I'd like to begin shooting something that closely approximates the M118LR round used by US forces in their M1A/M14/M21/M25 type rifles. M118LR is hard to come by on this side of the border (at least it is for me; I'm open to leads if anyone knows of a good supplier!) so I'm planning on duplicating the load myself.

Searching various M1A-related posts on the web, I've found a few good ideas:

1 - 42.5gn Varget, 175gn SMK, 2.800-2.830" COAL (2.830" preferable)
This load was proposed as a substitute for the M118LR round, using what one forum member had on hand.

2 - 43gn RL15, 175gn SMK, 2.800-2.830" COAL (2.830" preferable)
This load was the median of 3 disassembled genuine M118LR rounds from Lake City in 2003, posted by one member of another forum.

Further to these, I found a few loads that I might play with as well:

3 - 42gn 4895, 168 SMK, 2.830" COAL - M852 MATCH
4 - 41.5gn 4064, 168 SMK, 2.830" COAL - reportedly very accurate, but no stated military equivalent.

For those who reload for their M14s/M1A style rifles, what are your thoughts on these load workups? Based on my experience with my bolt-gun in .308 (Savage Model 10 FCP HS Precision, 45gn Varget, 165 GameKing, 2.710" COAL - a seated-short, ultra-dependably feeding round I use for hunting) these loads don't seem unreasonable given the added thickness of most military brass. I would be loading all of these into Lake City LC06, 07, 08 brass - of which I have approximately 1,000 pieces.

Also, two final questions for the M1A reloading gurus - should I bother using a small base die, and do you recommend using a cannelured bullet in lieu of the MatchKing/GameKing type projectiles? Anyone getting by perfectly well without a small-base die (I assume so, since the Norc M14s rifles aren't known for ultra-tight chambers) and without recoil-induced bullet shift?

I'm not a reloading rookie, I just haven't loaded for an autoloading rifle before... plenty of .45ACP for my pistols though!

Thanks in advance!
-M
 
I wouldn't use Varget, or Rl15. I personally prefer H4895.

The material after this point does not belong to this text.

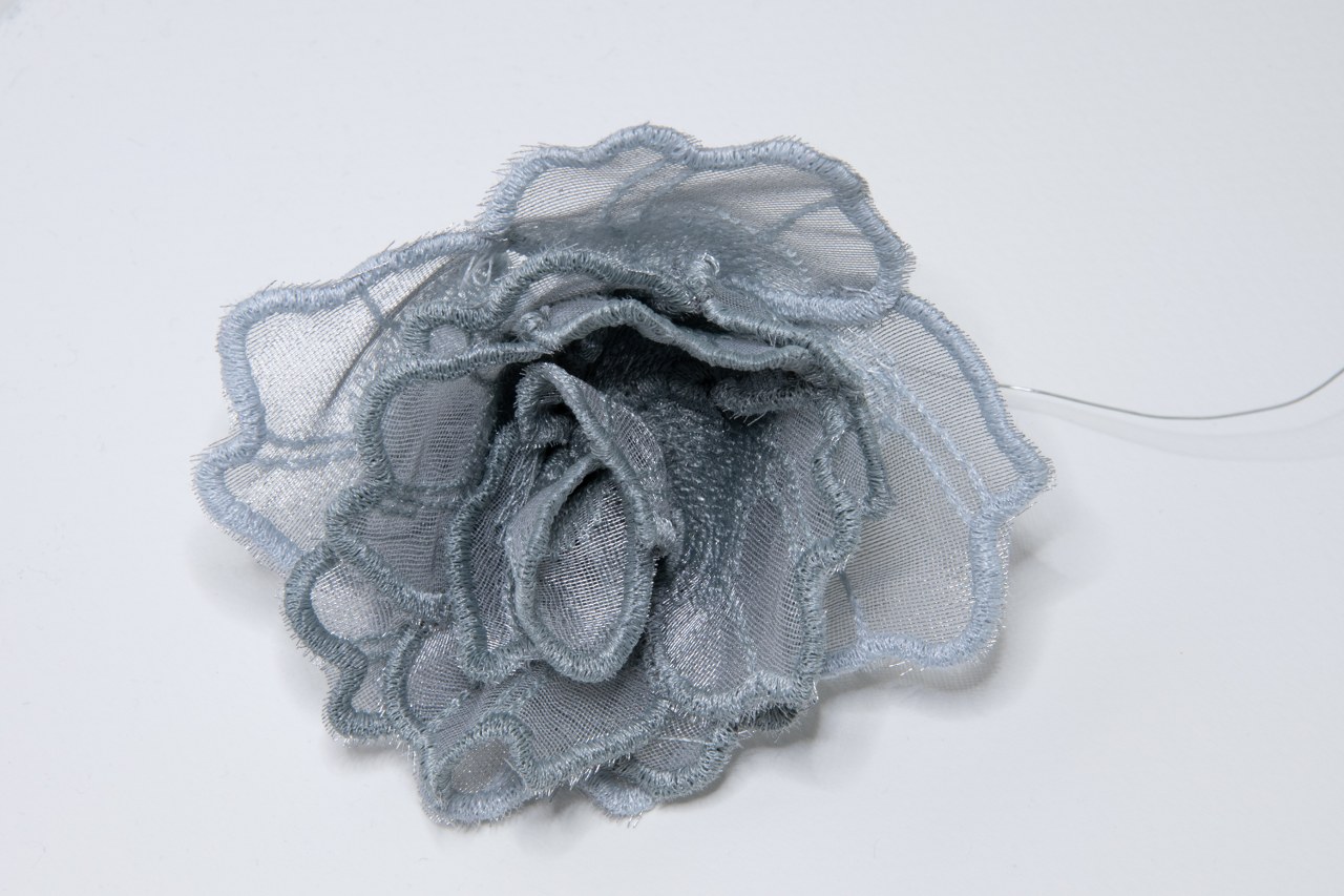 I’d wanted to have a go at working with organza on the machine and so when I came across this charming tutorial for a 3D Organza Rose complete with design. I liked the idea of getting to be lazy and not having to figure out the construction part so it seemed like a good challenge.
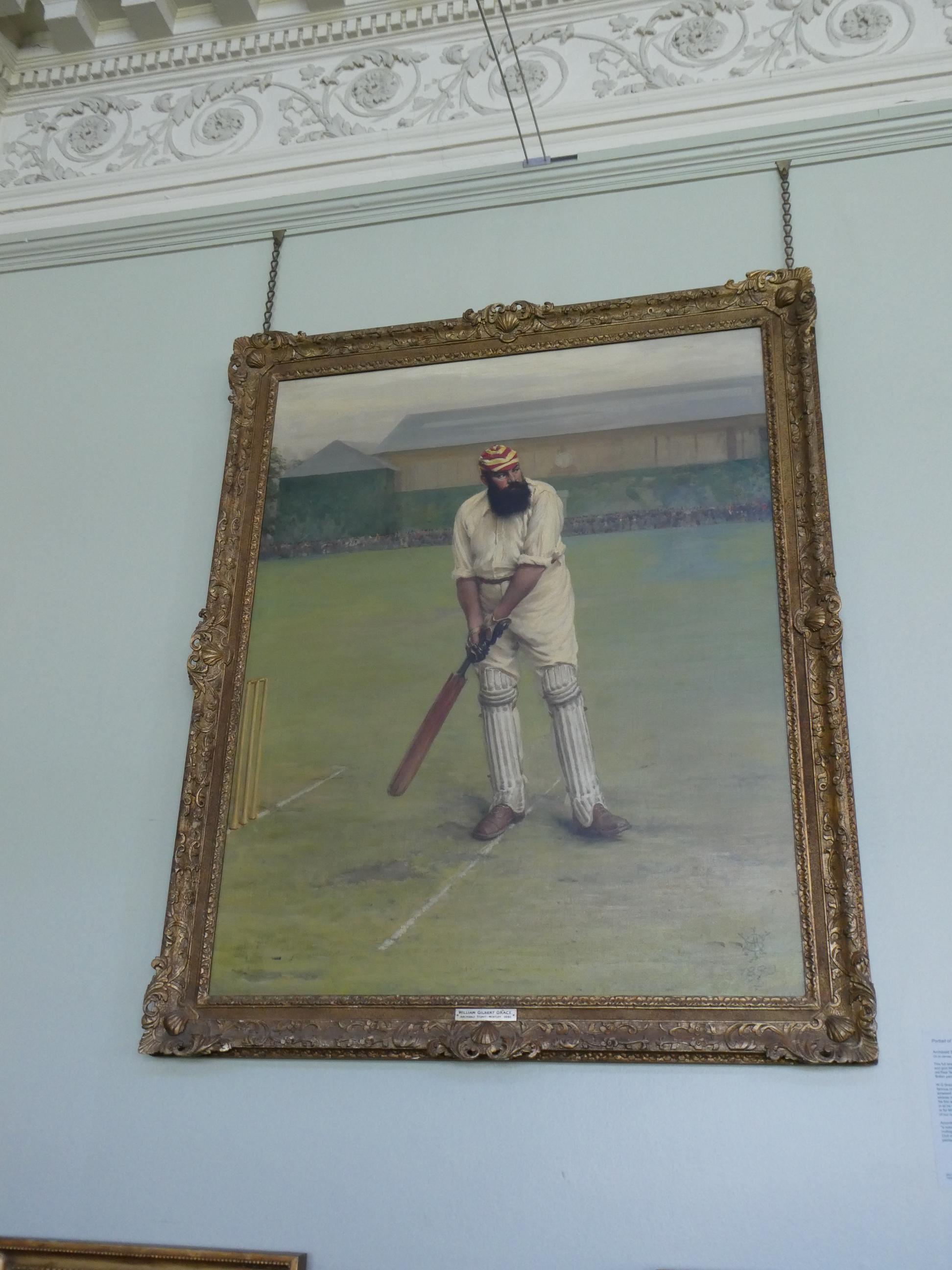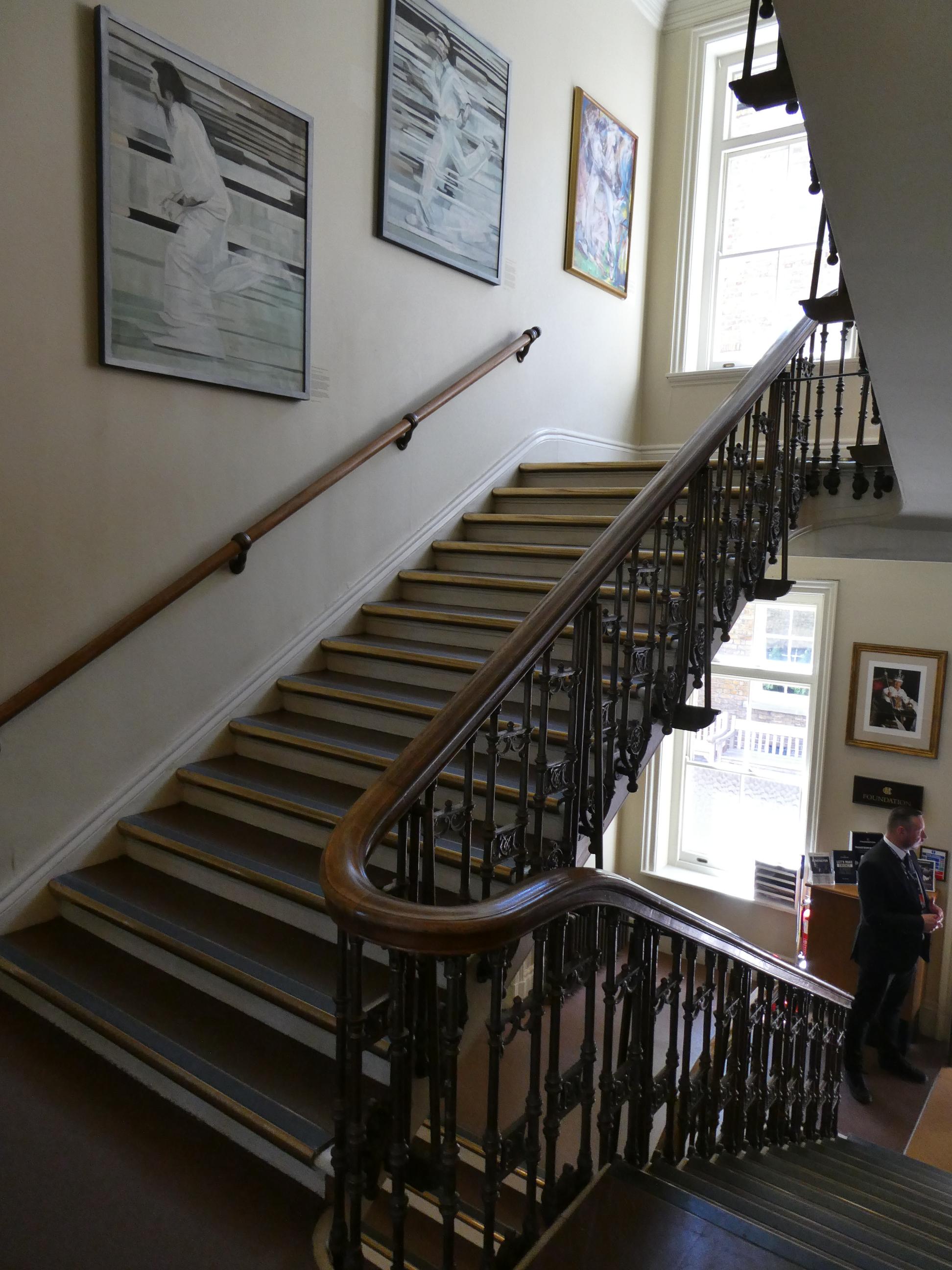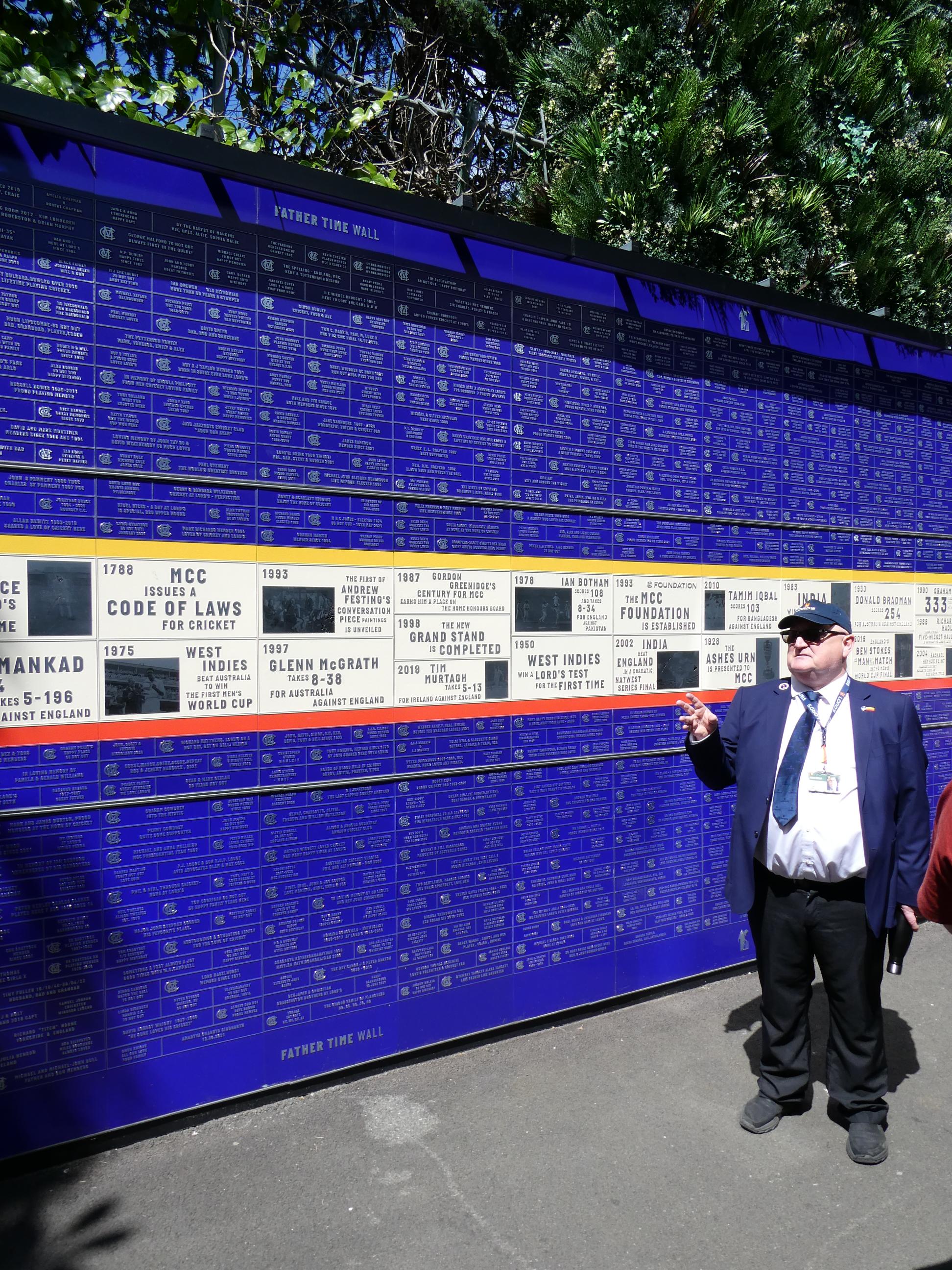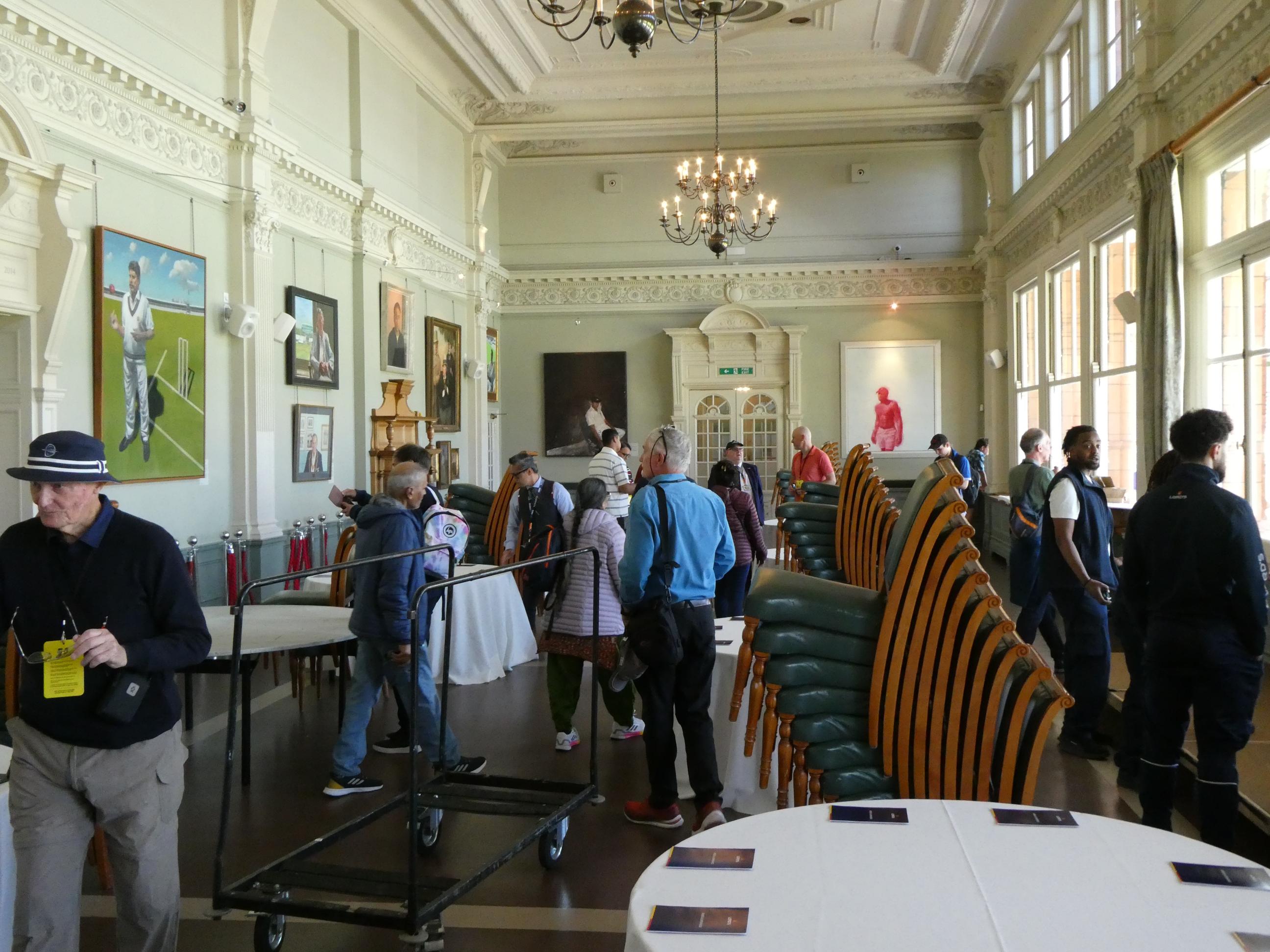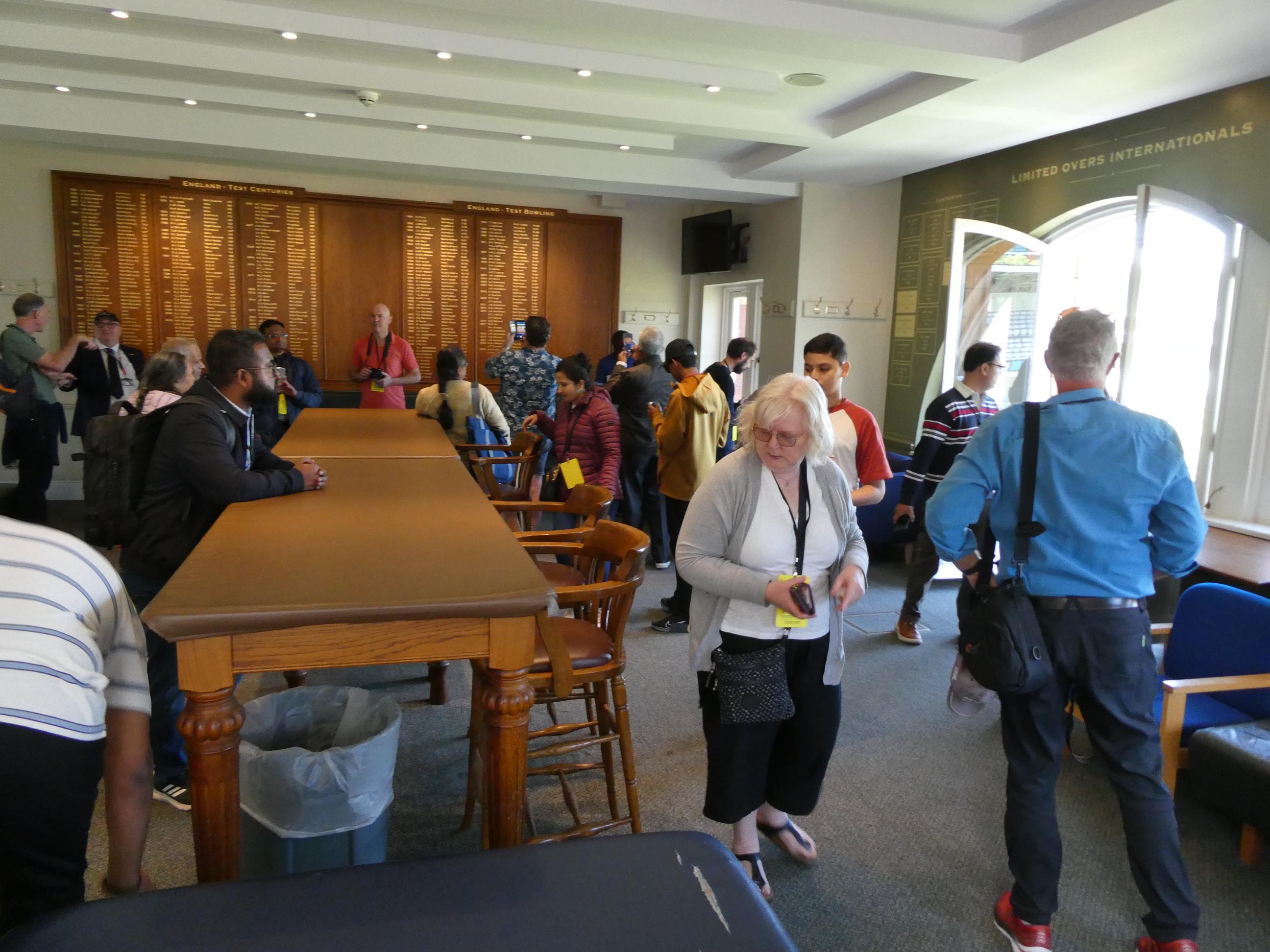 We walked to nearby Regent’s Park and ate lunch at a cafe. Rod and I took our leave and headed back to Lord’s Cricket Ground, which we had passed earlier. Marg, Cornelia and Ursula, who had joined us at Abbey Road, stayed on to enjoy a walk around the park. We arrived just as the tour was starting. Our tour guide, Neil from Newcastle, was a jolly man who not only told us the history of the ground and the people who played cricket there, but also entertained us with many witty anecdotes that the players he knew and loved had passed on to him. He identified the allegiances of the members of our group – some of us supported England, some India and some Australia, so he told stories about the players from those teams as he showed us around. Rod and I have loved cricket since we were little kids and played in the street with our friends. We both loved playing club cricket for many years. So, just like our visit to Abbey Road earlier in the day, this was a form of pilgrimage for us. Our first stop was the Members’ Pavilion and Long Room, made famous recently by the uproar that occurred there when the Australian players left the field for lunch after Alex Carey had stumped Jonny Bairstow when he negligently left his crease while the ball was still in play. As the Australian team made its way through the swarm of angry members towards its rooms, some hurled abuse and a few even made threats. The incident embarrassed Lord’s, and some members were even dismissed from the club for the way they responded.

I also wouldn't shoot a bunch of m118LR type loads in my m14. There is discussion about its ill effects on the oprod, and I see no real upside as I do not shoot my m14s past 500m.

Start with this if you want an accuracy load:
http://www.zediker.com/downloads/14_loading.pdf
powder has changed a bit since then, and your brass will differ, but it is a good start.

If you want a plinking load, start with the cheapest conical 30 cal tips you can find, and the lower end of a H4895 charge.

As for tips, I mostly use 168 gr SMKs, but have used a variety of different 150, and 165 gr hunting tips.

I use a small base die, and lightly crimp my loads. Some crimp them heavily. Some not at all. With 5rnd mags, I don't think it is much of an issue either way.
 
I too believe the Varget/175g is too much to ask of your op rod. I reload SMK 168's and Hornady 168 Hpbt Match in front of 41.5g of H4895 OAL 2.800. Good accuracy. Have tried 155 Sierra and Nosler pills without much luck(my rifle) but some others swear by them.
 
Good info and links, thanks guys!

I have a pound of 4064 that isn't going to get used for anything else, so I'll probably load up some plinkers with that stuff... mixed cases, etc. and all commercial. But as for the LC brass, I'm getting the sense that H4895 (or IMR4895) are the way to go.

-M
 
I have always used 4895 when loading for my Norinco M14S. I never crimp, and always charge closer to the lower end of the chart instead of hot. I have had great results with bullets weights at 165 or the good ol' 168's
 
I've never used small base dies for the m14, or any other semi-auto. Just full-length size all the way down to the shell-holder. The military chamber is cut large anyways. A small base die will just shorten the life of your brass by working it harder.
 
I don't know much on the subject but I thought I would add that you can crimp non-cannelured bullets with Lee's Factory Crimp Die. I use one when loading non-cannelured bullets in .223 for my SL8 to avoid the risk of bullet setback.
 
Do you want to shoot beyond 600 yards? If you want to shoot 900 & 1000 yards, then definitely go with the 175s. Otherwise 168s or 175s are equally fine - choose whichever one is more available, or more accurate, etc). Both are very well-known bullets, and have lots of known-good data for them. All of the loads you've listed look pretty sensible.

Nominal magazine length for .308Win is 2.800". I don't know what actual magazine length ends up being in practice for M14s, but presumably the recommendations of 2.830" are based on being able to "get away with" something that is longer than nominal official max magazine length. Sierra 168s and 175s should be fairly insensitive to jump - you may well find that 2.800" shoots fine, as does 2.830". Don't worry about crimping, ordinary full neck tension ought to me more than enough.

I would suggest that you try a regular FL die first, and only go to a small-base die if you need to (and there's a good chance that it won't be necessary). I found that Zediker article a pretty good one to explain the differences in loading for a gas gun vs. a bolt gun (e.g. use good tough brass, and accept the fact that it won't last long).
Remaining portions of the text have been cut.